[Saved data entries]
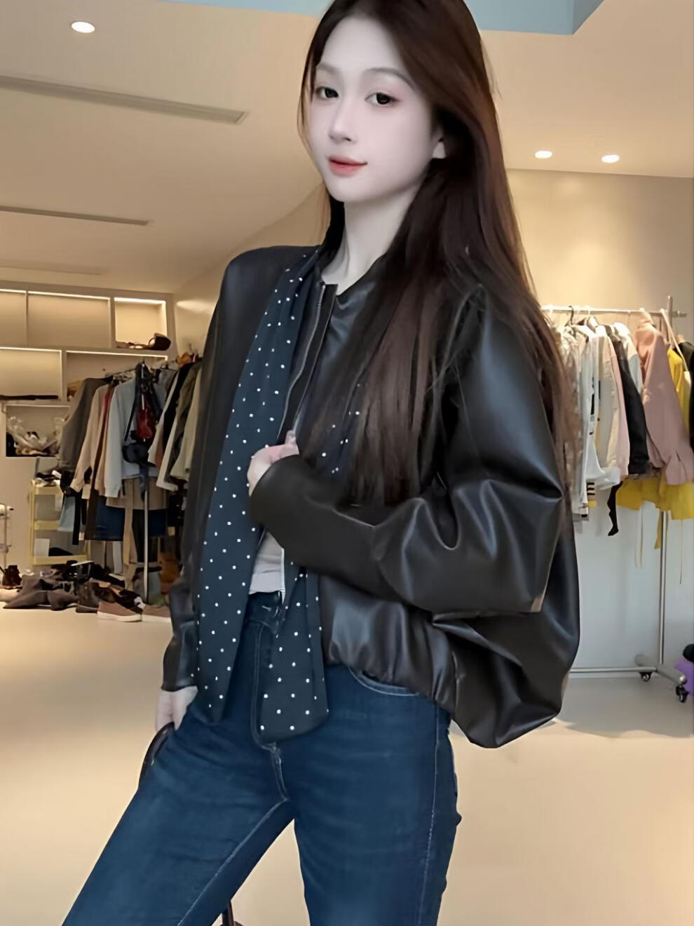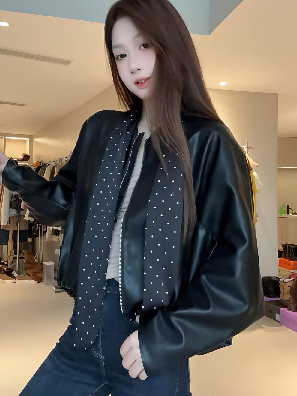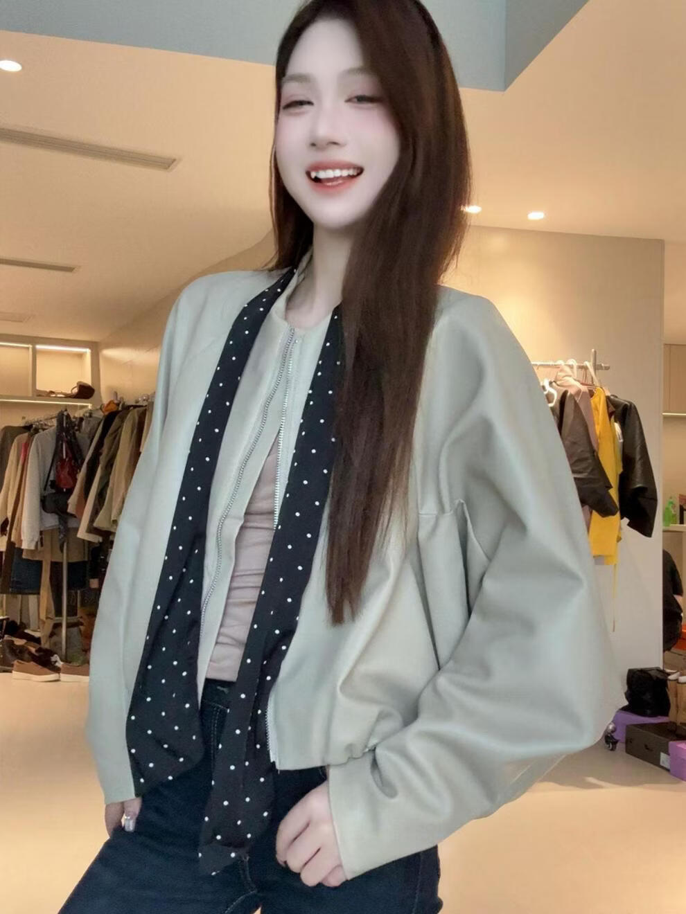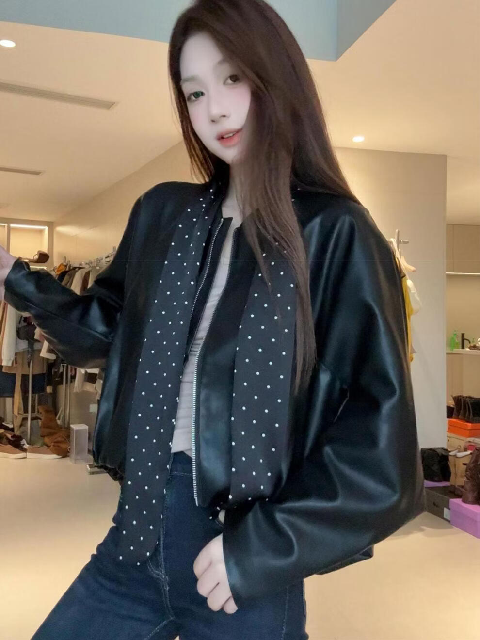 MODX2026年秋季新款韩系复古酷飒气质外套女设计感波点飘带小个子外套 棕红色 【原版】 M 95-110斤
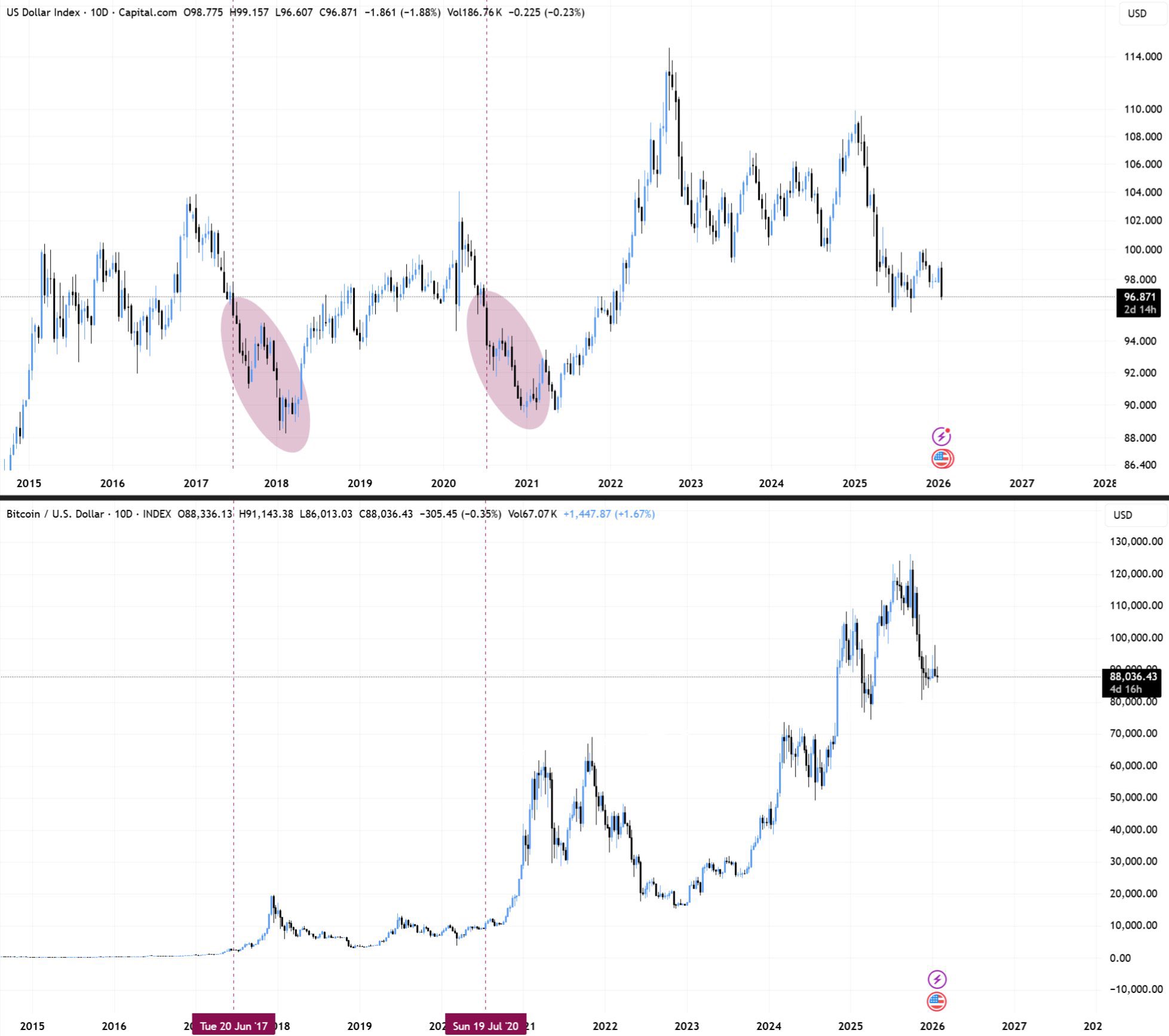 Bitcoin Follows the US Dollar Downward as History Repeats
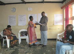 Lors de cette activité, les participants ont écrit sur trois grandes feuilles de papier qui étaient affichées et sur lesquelles figuraient les mots : Espoir, Crainte et Attentes. Sous le mot Espoir, ils ont écrit : le patrimoine, la force de travailler pour les familles, la paix et l’entente dans la famille, les enfants et l’unité. Sous le mot Crainte, ils ont écrit : SIDA, la mort, l’infidélité, le divorce, la violence, la pauvreté et la famine. Quant à leurs attentes, ils ont dit qu’ils aimeraient savoir comment maintenir la paix dans la famille, comment se soutenir mutuellement, parvenir à bien communiquer et comment promouvoir la coopération au sein du foyer.
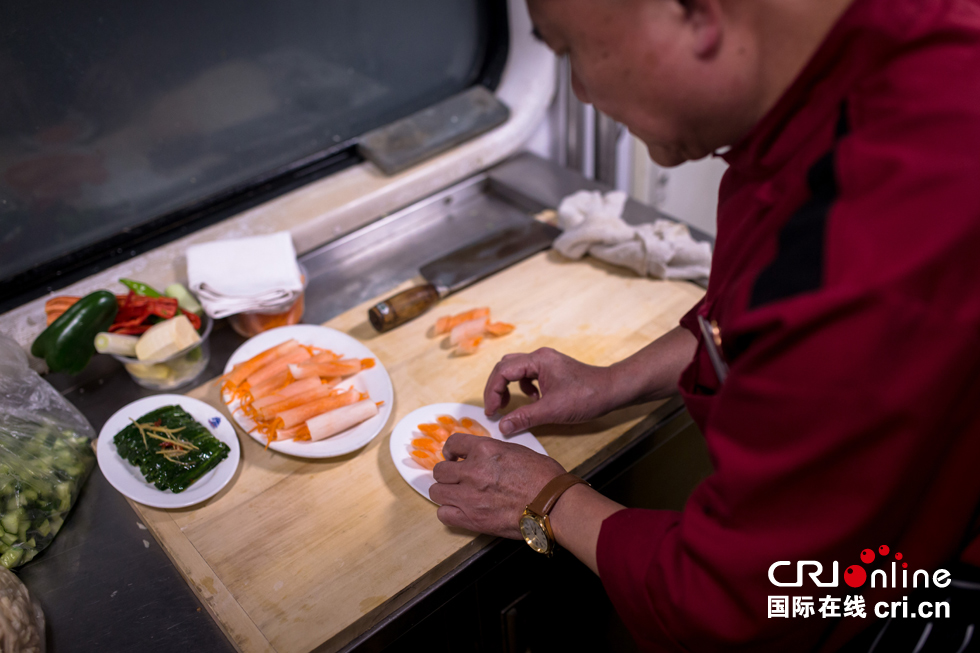 “有一名旅客,差不過每年春運都會坐這趟車從杭州出發(fā)前往海寧然后轉乘高鐵前往寧波,為的就是在我們車上吃一頓飯?!卑讕煾嫡f。圖為白師傅制作菜品。
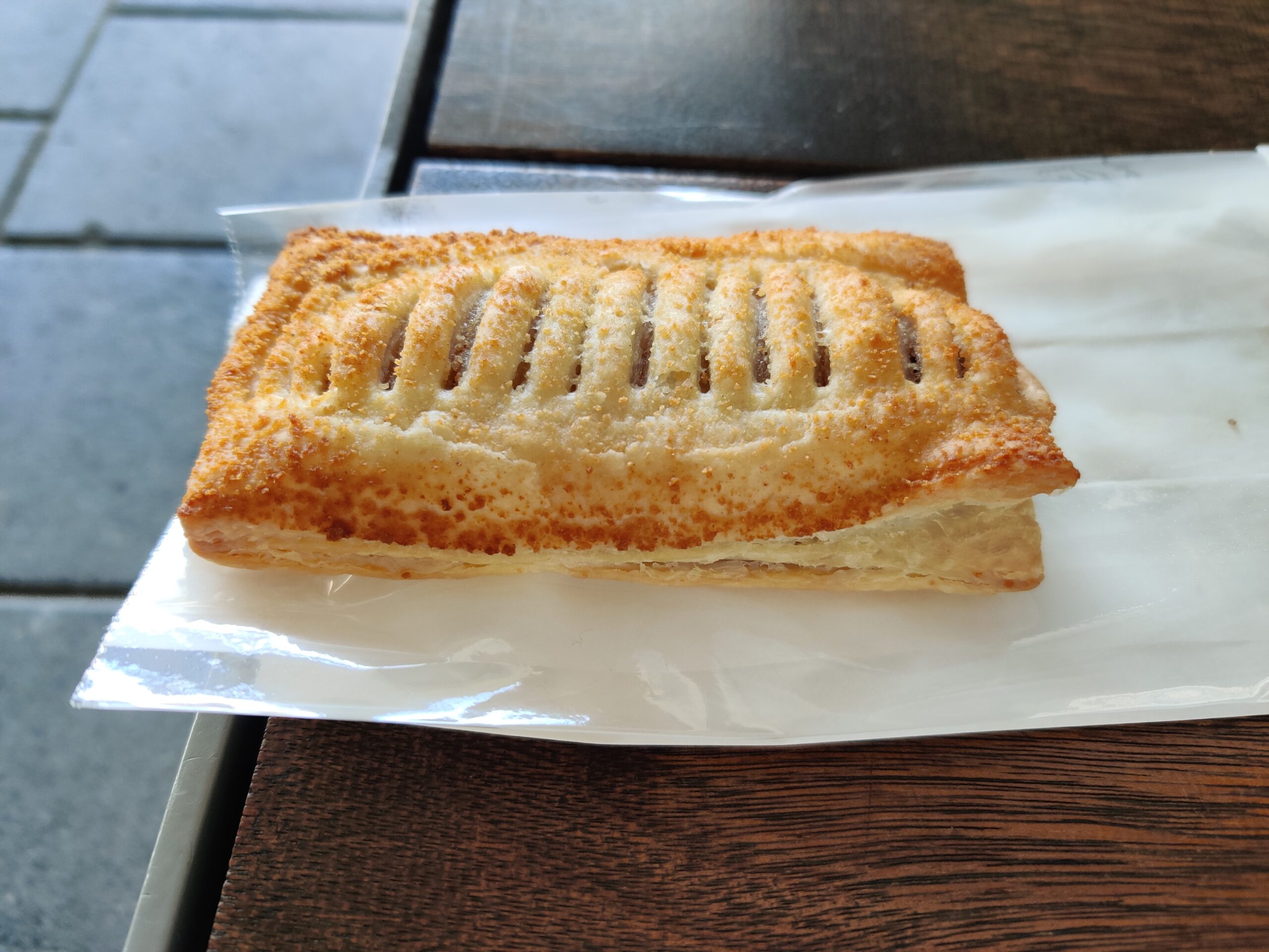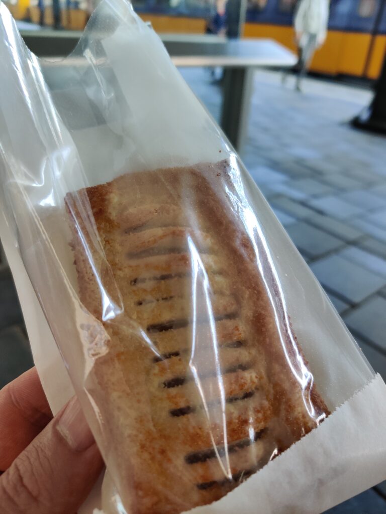 En zo bevonden we ons op een treinstation waar we tegen de onvermijdelijke vertraging aanliepen en dus bij gebrek aan ramenwinkeltje moedeloos de Kiosk binnenliepen. En waarop viel ons oog, het Vegan Satehbroodje. Het kostte slechts 1,50 euro dus met een warm broodje in de knuistjes op een bankje gaan zitten en de aanwinst eens van dichtbij bekeken.
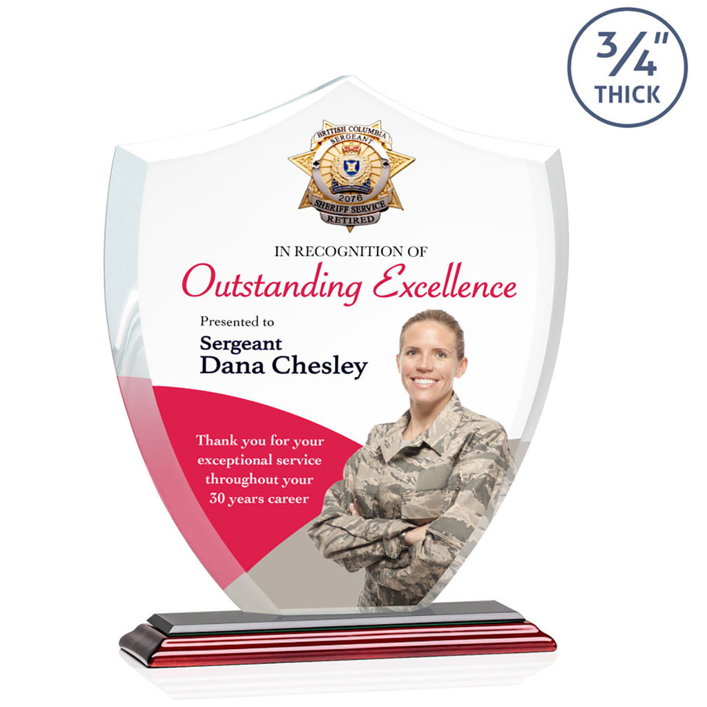 Choose your custom design for the St. Regis Rosewood Scudo Shield Award 7.25" x 8.75" x 3" with Standard Base - Printed to show appreciation to those who show excellence daily. The shield design makes these ideal for first responders, law enforcement, and others who focus on protection, authority, and stability in the community. Order early so you do not miss out.The minimum order for this product is 1 piece.

WORK REQUIRED: Word for word, restate all of the entries above and leave each picture out.

ANSWER TO THIS PROBLEM:
 MODX2026年秋季新款韩系复古酷飒气质外套女设计感波点飘带小个子外套 棕红色 【原版】 M 95-110斤
 Bitcoin Follows the US Dollar Downward as History Repeats
 Lors de cette activité, les participants ont écrit sur trois grandes feuilles de papier qui étaient affichées et sur lesquelles figuraient les mots : Espoir, Crainte et Attentes. Sous le mot Espoir, ils ont écrit : le patrimoine, la force de travailler pour les familles, la paix et l’entente dans la famille, les enfants et l’unité. Sous le mot Crainte, ils ont écrit : SIDA, la mort, l’infidélité, le divorce, la violence, la pauvreté et la famine. Quant à leurs attentes, ils ont dit qu’ils aimeraient savoir comment maintenir la paix dans la famille, comment se soutenir mutuellement, parvenir à bien communiquer et comment promouvoir la coopération au sein du foyer.
 “有一名旅客,差不過每年春運都會坐這趟車從杭州出發(fā)前往海寧然后轉乘高鐵前往寧波,為的就是在我們車上吃一頓飯?!卑讕煾嫡f。圖為白師傅制作菜品。
 En zo bevonden we ons op een treinstation waar we tegen de onvermijdelijke vertraging aanliepen en dus bij gebrek aan ramenwinkeltje moedeloos de Kiosk binnenliepen. En waarop viel ons oog, het Vegan Satehbroodje. Het kostte slechts 1,50 euro dus met een warm broodje in de knuistjes op een bankje gaan zitten en de aanwinst eens van dichtbij bekeken.
 Choose your custom design for the St. Regis Rosewood Scudo Shield Award 7.25" x 8.75" x 3" with Standard Base - Printed to show appreciation to those who show excellence daily. The shield design makes these ideal for first responders, law enforcement, and others who focus on protection, authority, and stability in the community. Order early so you do not miss out.The minimum order for this product is 1 piece.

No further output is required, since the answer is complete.